# weird



## suez (Jul 8, 2007)

well here is a shock i mated my male and female sunglows and have just seen the babies hatch and they both look normal . gorgeous little girls i know the female is def 100% tremper sunglow but i am not sure about the male i bought him from a pet shop because i fell in love with him.


----------



## Ssthisto (Aug 31, 2006)

Congratulations, you have one of two situations:

1. Your female retained sperm from a breeding to a non-albino male - has she ever been bred to anything else?

2. You have two different strains of albino. Looking at what I presume is a photo of your male, I wouldn't be surprised if he turned out to be a Bell.


----------



## suez (Jul 8, 2007)

you can see parents in pics on reptiles post and tell me what you think its a baffler but i would appreciate some feedback please


----------



## suez (Jul 8, 2007)

Ssthisto said:


> Congratulations, you have one of two situations:
> 
> 1. Your female retained sperm from a breeding to a non-albino male - has she ever been bred to anything else?
> 
> 2. You have two different strains of albino. Looking at what I presume is a photo of your male, I wouldn't be surprised if he turned out to be a Bell.

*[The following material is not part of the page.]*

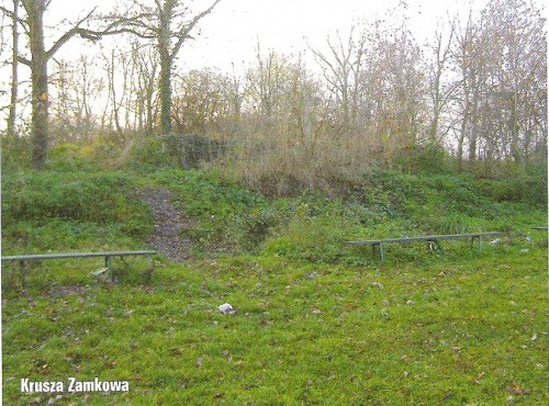 Wygląda na to, że jednak się myliłem pisząc, że nie ma dwóch obiektów w Kruszy Zamkowej. To co przedstawiłem zdaje się być grodziskiem nr 2, stożkowym. O ile się zorientowałem to obiekt dwufazowy znajduje się kawałek dalej.
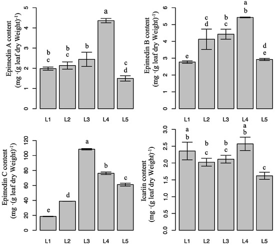 Epimedin A, epimedin B, epimedin C, and icariin content of E. pseudowushanense under different light intensities. The data are expressed as mean ± SD. Different letters indicate significant differences between light intensity treatments (p < 0.05); n = 30.

 thanks for your reply no she has never been bred to anything else she has never been near another male apart from sunny my sunglow. wonder if he is a bell then what would my hatchlings be classed as


----------



## Ssthisto (Aug 31, 2006)

Normal het Tremper Albino and (possibly Bell) another strain of Albino.


----------



## suez (Jul 8, 2007)

Ssthisto said:


> Normal het Tremper Albino and (possibly Bell) another strain of Albino.


complicated this genetics Ssthisto thanks for your help


----------



## melanie (Jan 18, 2007)

suez said:


> thanks for your reply no she has never been bred to anything else she has never been near another male apart from sunny my sunglow. wonder if he is a bell then what would my hatchlings be classed as


 
yes i can also confirm this, but the female has never been bred before and is one of my 07 offspring.
parents of her are both tremper sunglows


----------



## suez (Jul 8, 2007)

melanie said:


> yes i can also confirm this, but the female has never been bred before and is one of my 07 offspring.
> parents of her are both tremper sunglows


hello Melanie babies are doing very well one of them has shed already and feeding .my friend is coming in the next couple of days to take some good pics so i can post and you can see how they are doing.Amber is fine she has lost none of her condition and looks like she is gravid again although i have moved sunny out so she doesnt get pestered .such a freindly girl she loves being spoiled lol


----------



## suez (Jul 8, 2007)

Ssthisto said:


> Normal het Tremper Albino and (possibly Bell) another strain of Albino.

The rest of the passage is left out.